The current “continuous” downstream is a complex sequence of batch operations, almost a slight-of-hand continuous process that cannot take advantage of most of the value of truly continuous processes. While the current chromatography-based processes are sufficient to bring the cost of goods manufactured down by 40-60%, there is significant benefit from a truly continuous process.
We have demonstrated the use of recombinant affinity nanoparticles and complexes in a dialysis and tangential-flow filtration-based capture step. The development of the nanoparticles is challenging and we have tested over 100 nanoparticles evaluating expression, their ability to bind antibody, and their stability under acidic elution conditions. We believe many are economical enough to allow commercial use, though we have found many to have suboptimal stability at low pHs and that most of the high-pH constructs have significantly reduced capacity. Finally, we have found that the wide pore-size distribution on UF membranes have allowed 10% or more of the nanoparticle to pass through along with the antibody.

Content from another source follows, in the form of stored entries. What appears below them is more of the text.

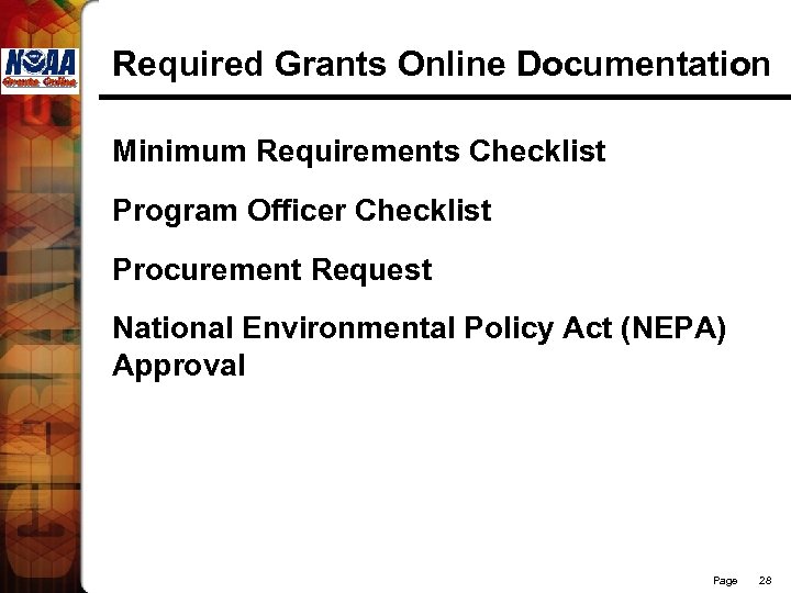 Required Grants Online Documentation Minimum Requirements Checklist Program Officer Checklist Procurement Request National Environmental Policy Act (NEPA) Approval Page 28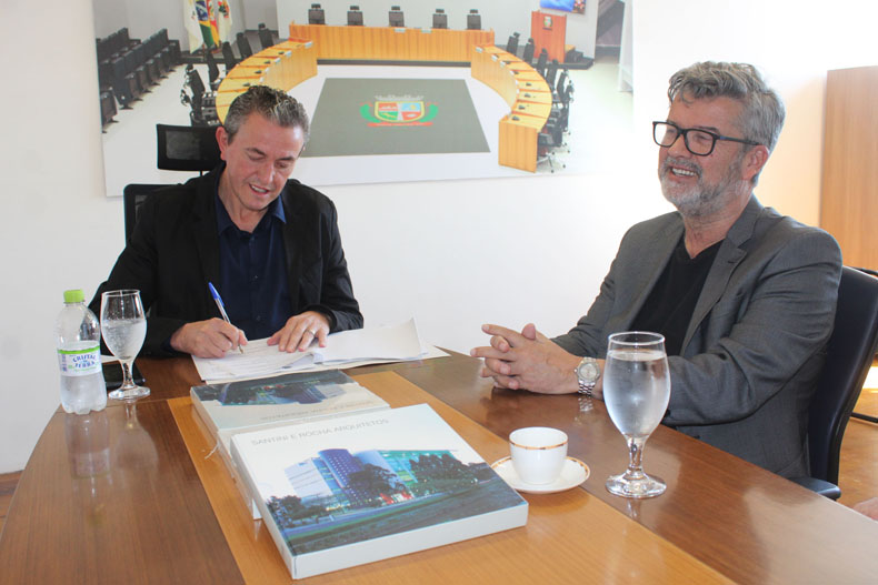 Foi assinado nessa quinta-feira, 18, o contrato entre a Câmara de Vereadores e a empresa Santini & Rocha Arquitetos, para a elaboração dos projetos de construção da nova sede do Legislativo. O presidente Gerson Trevisan frisou que o momento é mais um capítulo importante na história da Câmara. “Estamos dando mais um passo rumo à nossa nova sede do Poder Legislativo. Temos a certeza de que a empresa possa nos apresentar um projeto que contemple as necessidades deste poder e também da população”, afirmou.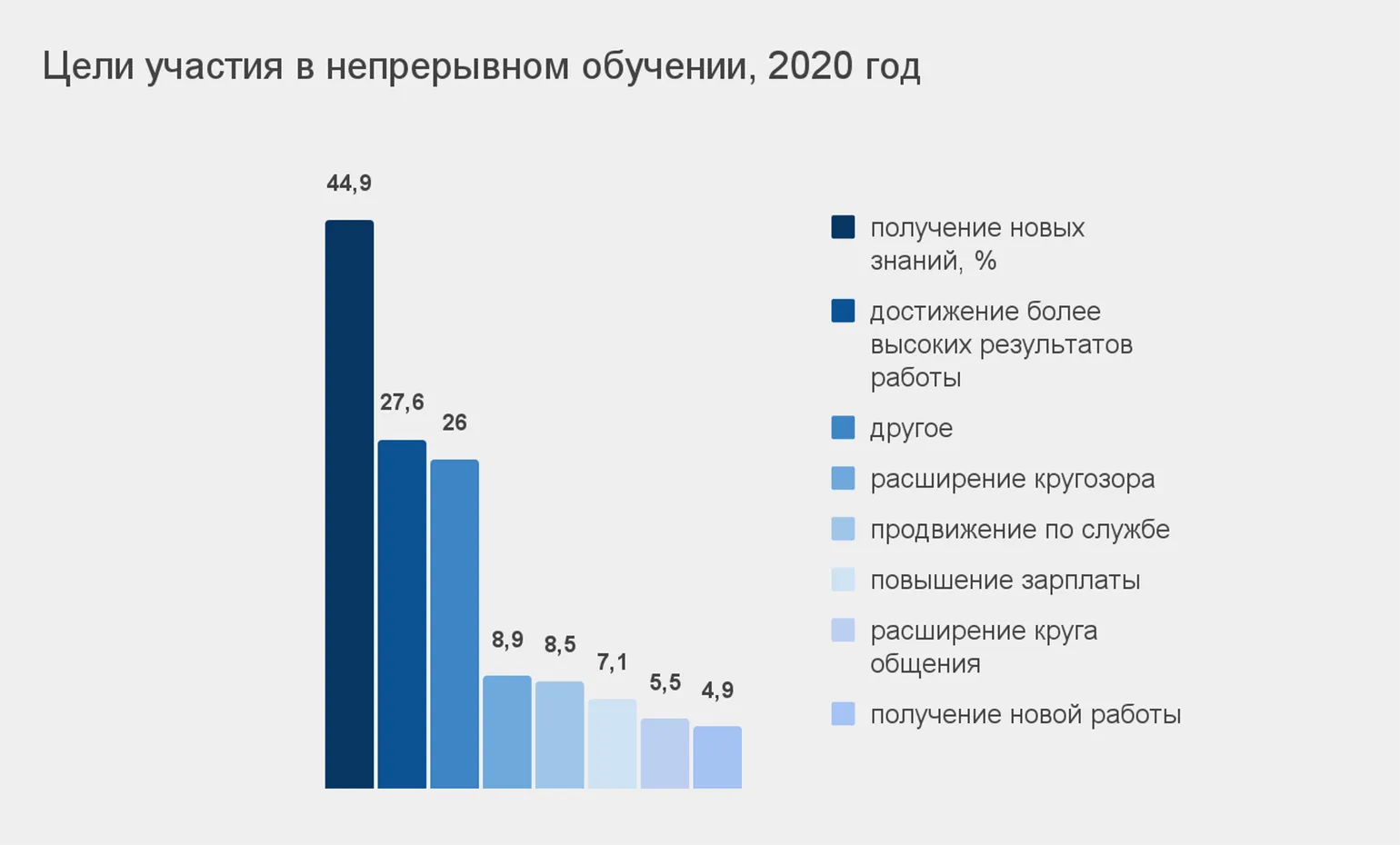 Это не значит, что люди идут учиться только вынужденно, по необходимости. Да, в корпоративном секторе темы курсов, как правило, задаёт работодатель, но в целом данные опросов не позволяют точно сказать, в каких случаях человек пошёл на учёбу по распоряжению начальства, а в каких руководствовался собственными профессиональными амбициями. В любом случае развитие в профессии — главный мотив для обучения взрослых людей, наряду с абстрактным «получением новых знаний».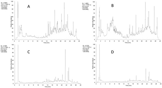 Positive and negative ion chromatograms of GTHP before and after fermentation. Note: Positive ion mode total ion flow plots before (A) and after (B) GTHP fermentation. Negative ion mode total ion flow plots before (C) and after (D) GTHP fermentation.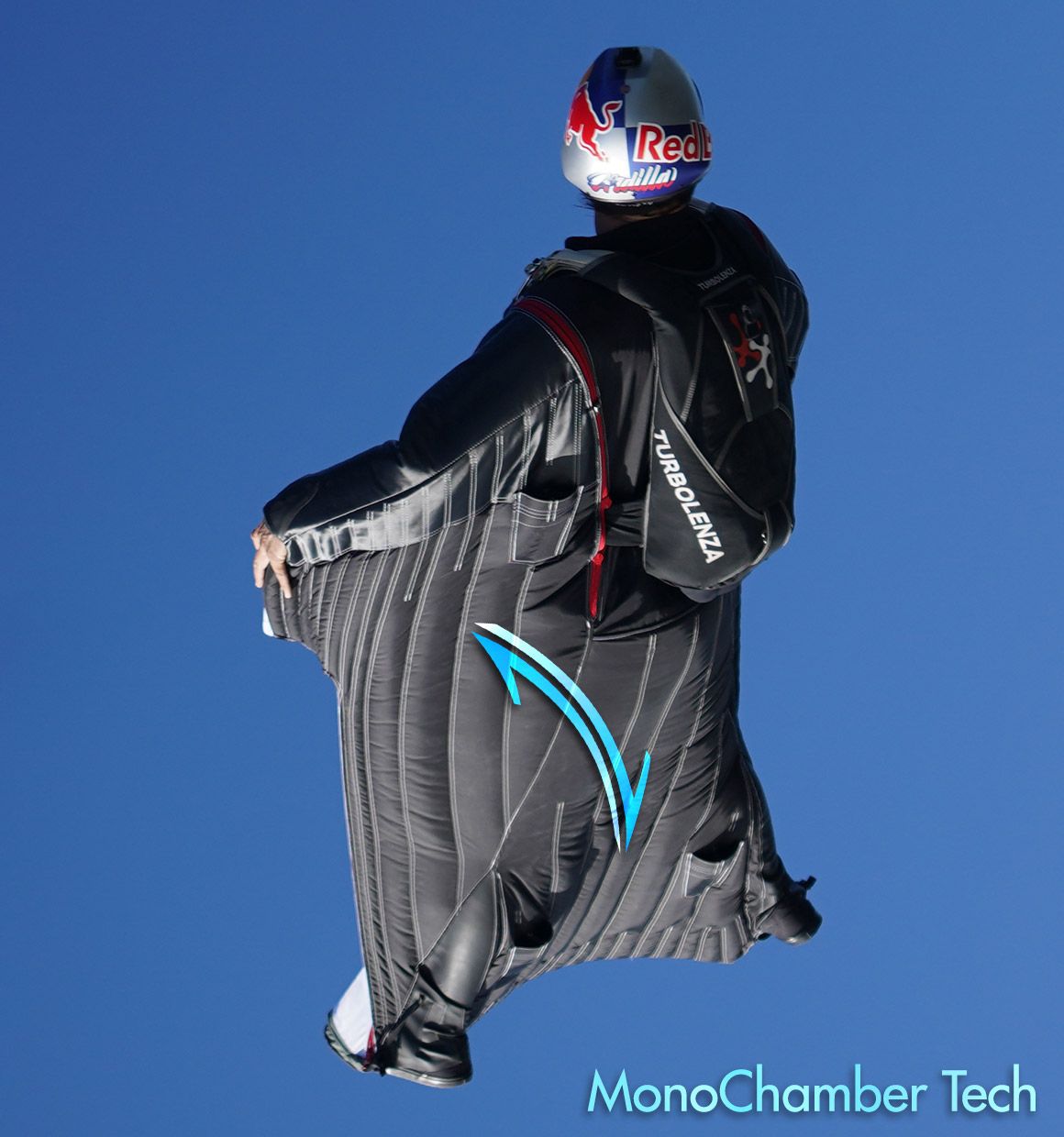 All parts of the arm and leg wings are fed from every inlet on the suit, for an excellent feeling of balance and consistency through maneuvers.

We will discuss general methods we’ve used to quickly evaluate nanoparticles including small scale, ~1000kDa MWCO dialysis, and centrifugal dead-end ultrafiltration. We will also discuss associated analytical techniques including mass photometry, SEC, and native blue electrophoresis.
The data we have generated allows us to be confident that these methods are worth continued effort. Truly continuous processing allows the reuse of solutions from a cleaner downstream to a dirtier upstream. This reuse of solution, and the continuous nature of the process, should decrease cost of goods beyond the current ICB processes while increasing the level of sustainability.